Mais un élève de 11 ans n'est pas censé comprendre qu'avant le pouvoir du souverain et les oeuvres d'art, il y a toujours le travail du « petit » peuple et les richesses qu'il dégage.
Pas de paysans au programme
Chose curieuse : alors que dans l'histoire des hommes, le travail de
la terre est, jusqu'à une époque récente, la source principale -quand
ce n'est pas quasi-unique- de l'accumulation des richesses, les paysans
sont totalement ignorés des programmes scolaires. Jugés peu dignes,
sans doute, de compter au nombre des « acteurs de l'Histoire », titre
que les auteurs des programmes réservent sans l'ombre d'une hésitation
aux « grands personnages », comprenez les chefs politiques et
militaires.
Durant toute leur scolarité en collège, les élèves n'auront droit qu'à une fugitive apparition du monde rural, en classe de 5e, dans le cadre de la seigneurie féodale.

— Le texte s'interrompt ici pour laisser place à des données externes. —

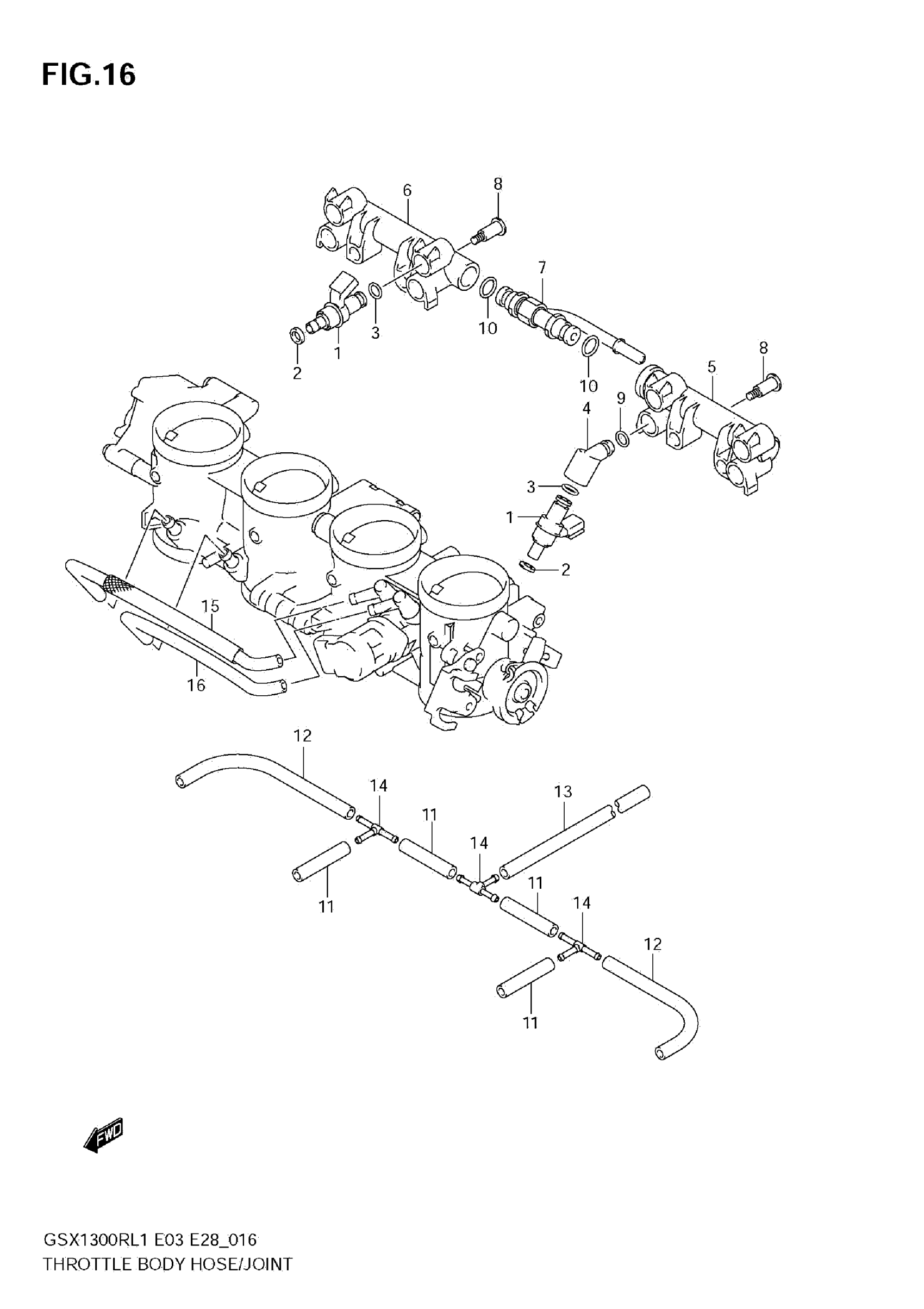 Suzuki GSX1300RL1 (2011) THROTTLE BODY HOSE/JOINT (E28) Diagram
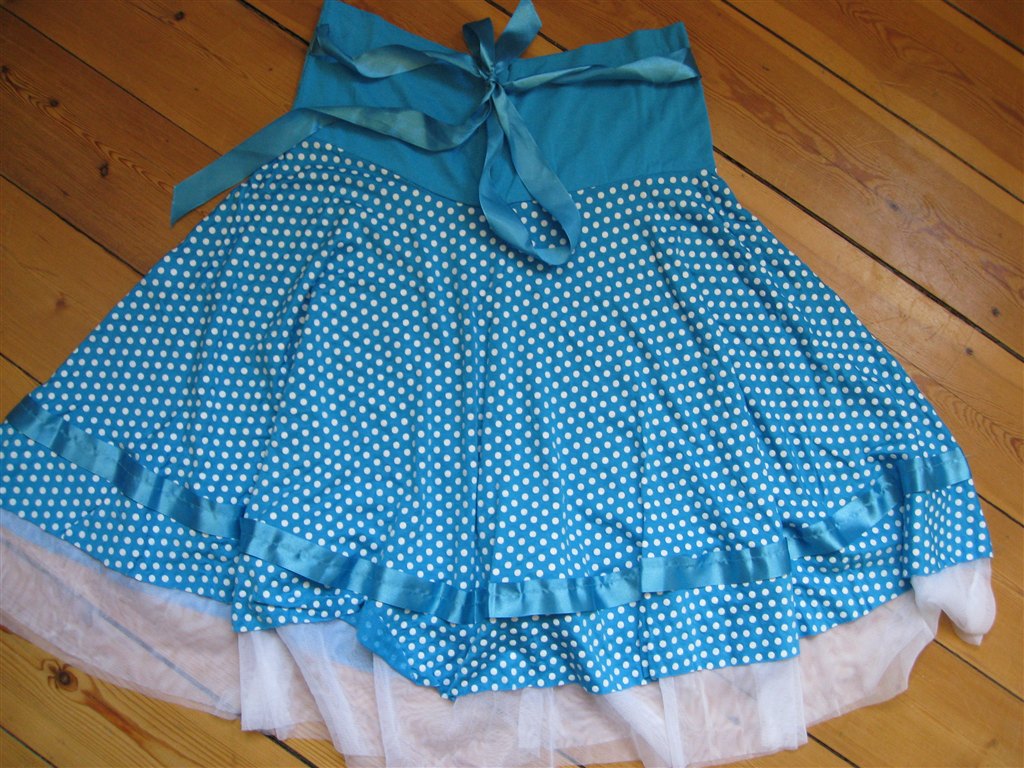 9. Turkis sommernederdel med prikker. Har aldrig været brugt. Der er ikke str. i. Passer en medium
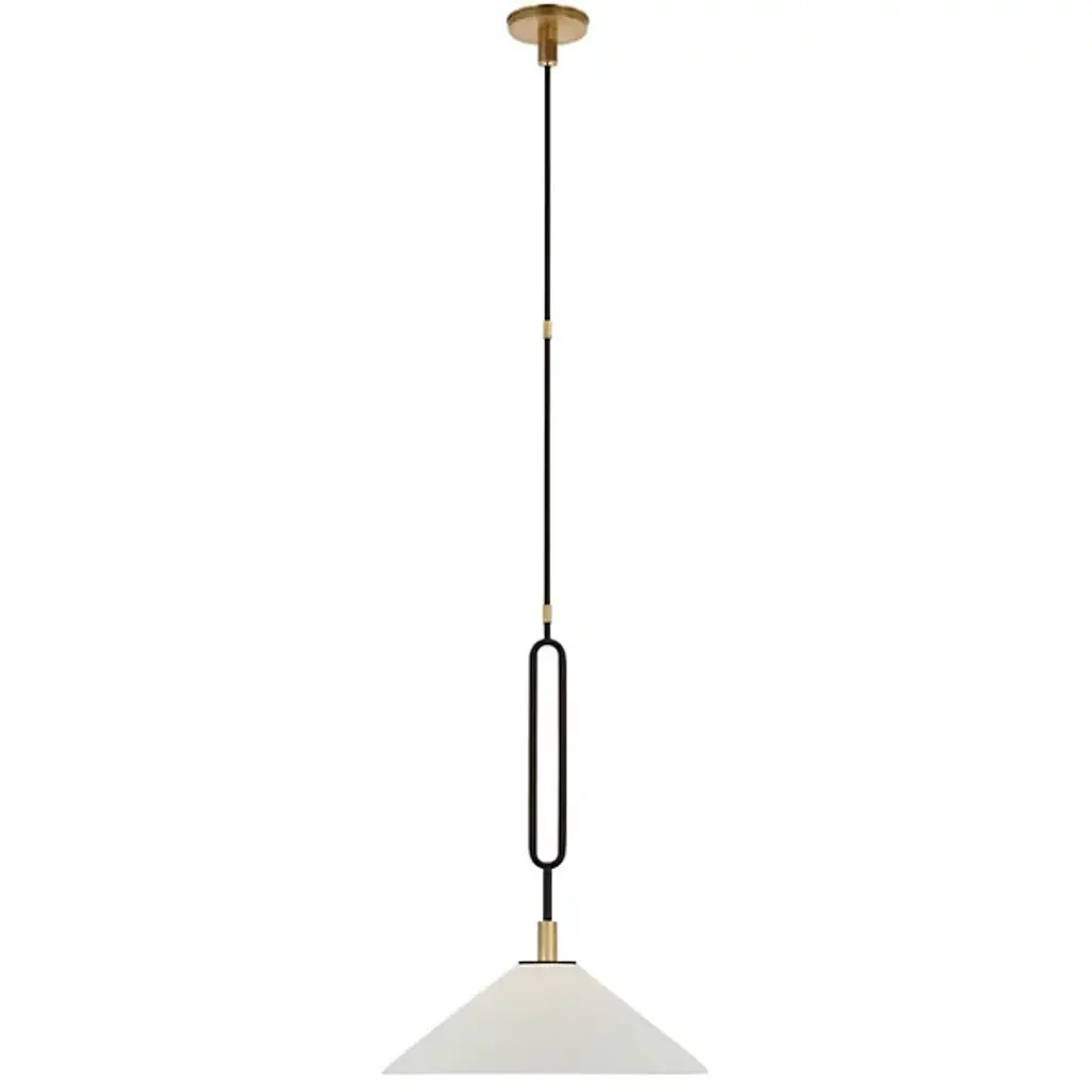 Simplicity meets substance in the Argo Pendant from Visual Comfort Signature. With a modest structure and a matte porcelain shade, these pendants are linked together by a sleek, modern link available in various metal finishes. It's versatile enough to accentuate a kitchen island or hallway or even serve as a stylish pair on either side of a bed, bathroom mirror, or vanity, adding a touch of contemporary elegance to any space.

Simple négligence ou choix idéologique ? On penchera plus volontiers pour la seconde hypothèse si l'on veut bien considérer que les travailleurs manuels sont totalement absents des programmes, comme si l'on voulait les faire disparaître de la mémoire collective. Les « ouvriers et ouvrières de la Belle Époque » sont rapidement mentionnés en classe de 4e, parce qu'il est effectivement difficile de faire autrement, mais c'est tout.
Si les travailleurs se font discrets au point d'en être invisibles, il n'en va pas de même pour l'entreprise qui fait une entrée remarquée dans les programmes : parmi les capacités demandées aux élèves de 3e -âgés de 14 ans-, il est demandé de « décrire et expliquer l'évolution des formes de production, de la dimension familiale à la firme multinationale ».
Les élèves de 5e, quant à eux, doivent se glisser dans la peau d'une « famille de banquiers ou de marchands ». On peut se demander si la volonté de gommer toute dimension sociologique des programmes de SES, en lycée, n'est pas déjà à l'oeuvre avec les programmes d'histoire de collège et si, comme on a pu l'écrire, « le chômage disparaît du programme de SES », l'histoire des travailleurs ne connaît pas le même sort.